■ What you will do:
Using the listing below, give again exactly the lines from the line with "McGarrett comes into" to the line with "Armas Garbi, model", inclusive, without the pictures.

■ Exercise inputs:
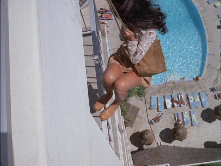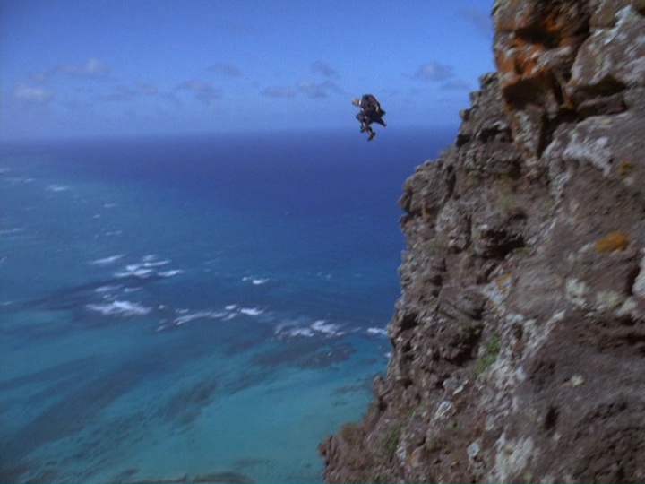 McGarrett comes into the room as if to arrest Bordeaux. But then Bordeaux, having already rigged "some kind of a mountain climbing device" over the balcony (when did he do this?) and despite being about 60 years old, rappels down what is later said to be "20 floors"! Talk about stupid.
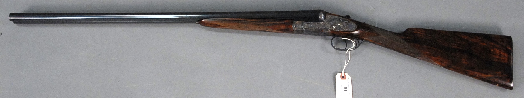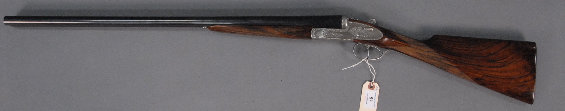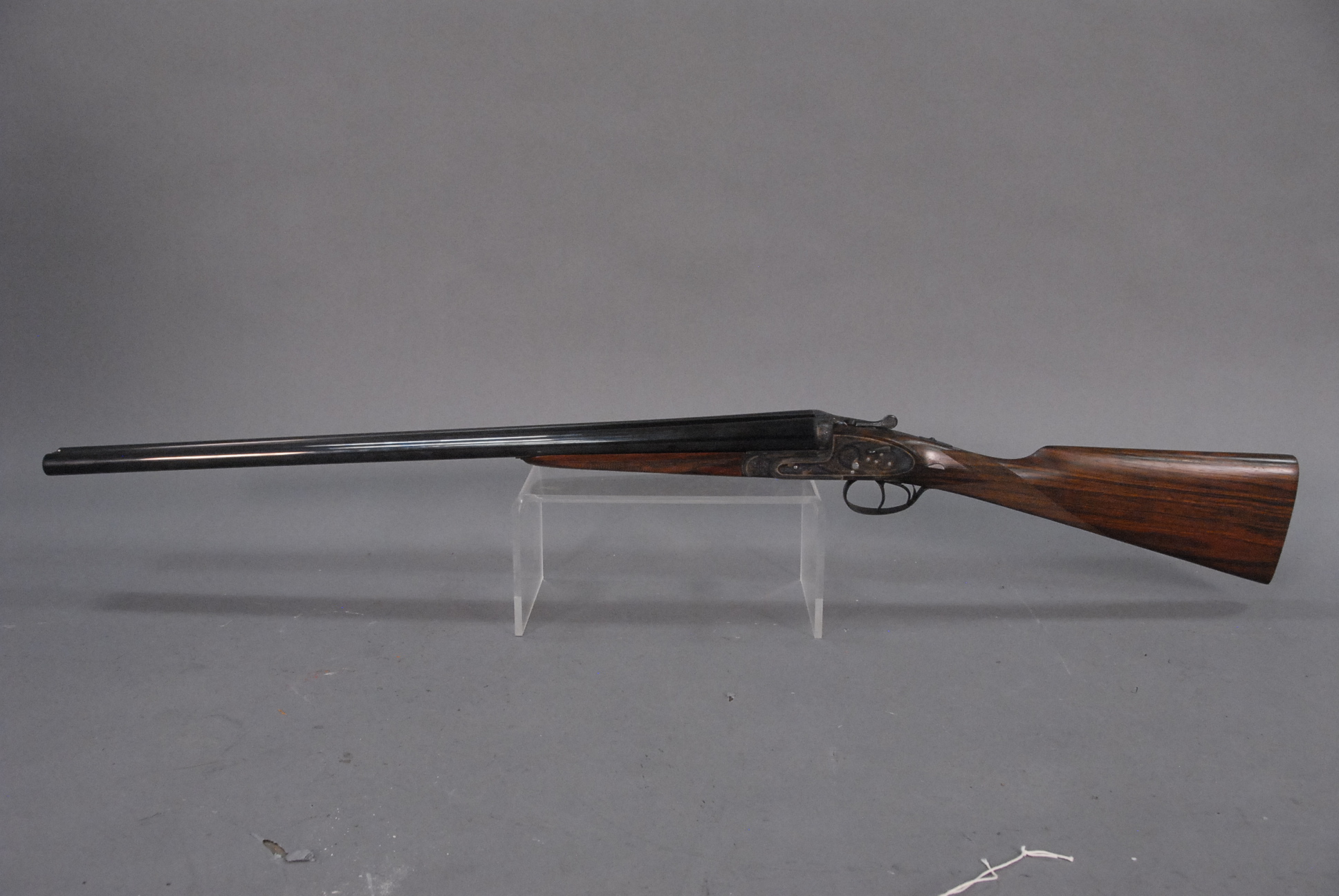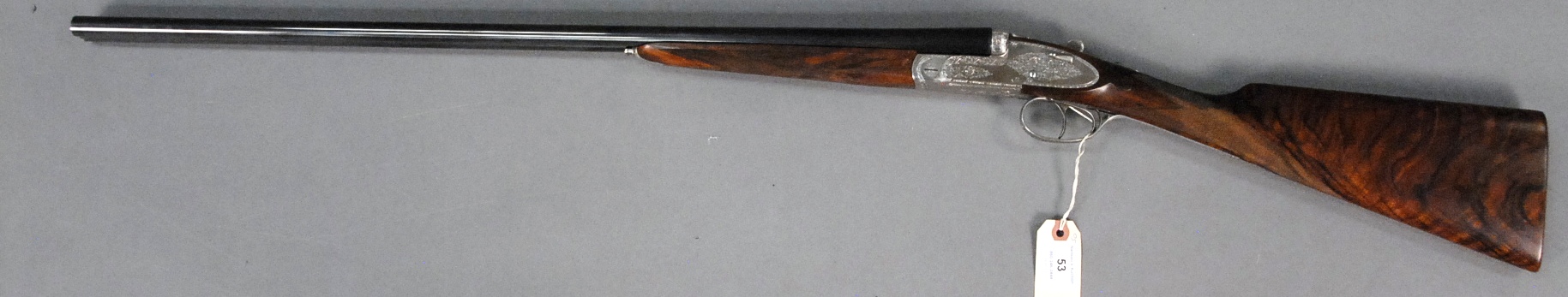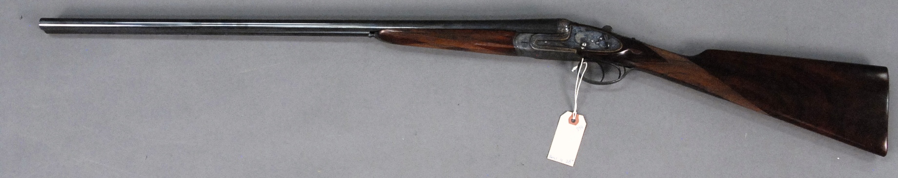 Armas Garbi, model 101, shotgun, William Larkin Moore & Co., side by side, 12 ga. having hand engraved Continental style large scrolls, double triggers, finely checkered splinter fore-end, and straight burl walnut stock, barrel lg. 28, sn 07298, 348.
* * *
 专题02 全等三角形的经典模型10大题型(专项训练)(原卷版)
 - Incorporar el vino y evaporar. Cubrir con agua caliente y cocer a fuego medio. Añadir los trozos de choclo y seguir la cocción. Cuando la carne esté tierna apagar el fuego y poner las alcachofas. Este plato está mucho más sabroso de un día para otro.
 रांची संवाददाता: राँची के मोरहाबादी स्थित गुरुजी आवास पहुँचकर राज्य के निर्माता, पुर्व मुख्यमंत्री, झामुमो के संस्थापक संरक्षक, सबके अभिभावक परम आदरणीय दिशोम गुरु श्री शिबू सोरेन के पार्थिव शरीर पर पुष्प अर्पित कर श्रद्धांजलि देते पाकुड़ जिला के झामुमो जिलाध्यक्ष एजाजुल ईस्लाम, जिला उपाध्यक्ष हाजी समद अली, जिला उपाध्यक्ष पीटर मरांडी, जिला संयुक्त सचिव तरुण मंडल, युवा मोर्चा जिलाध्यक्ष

■ Response to the exercise:
 McGarrett comes into the room as if to arrest Bordeaux. But then Bordeaux, having already rigged "some kind of a mountain climbing device" over the balcony (when did he do this?) and despite being about 60 years old, rappels down what is later said to be "20 floors"! Talk about stupid.
 Armas Garbi, model 101, shotgun, William Larkin Moore & Co., side by side, 12 ga. having hand engraved Continental style large scrolls, double triggers, finely checkered splinter fore-end, and straight burl walnut stock, barrel lg. 28, sn 07298, 348.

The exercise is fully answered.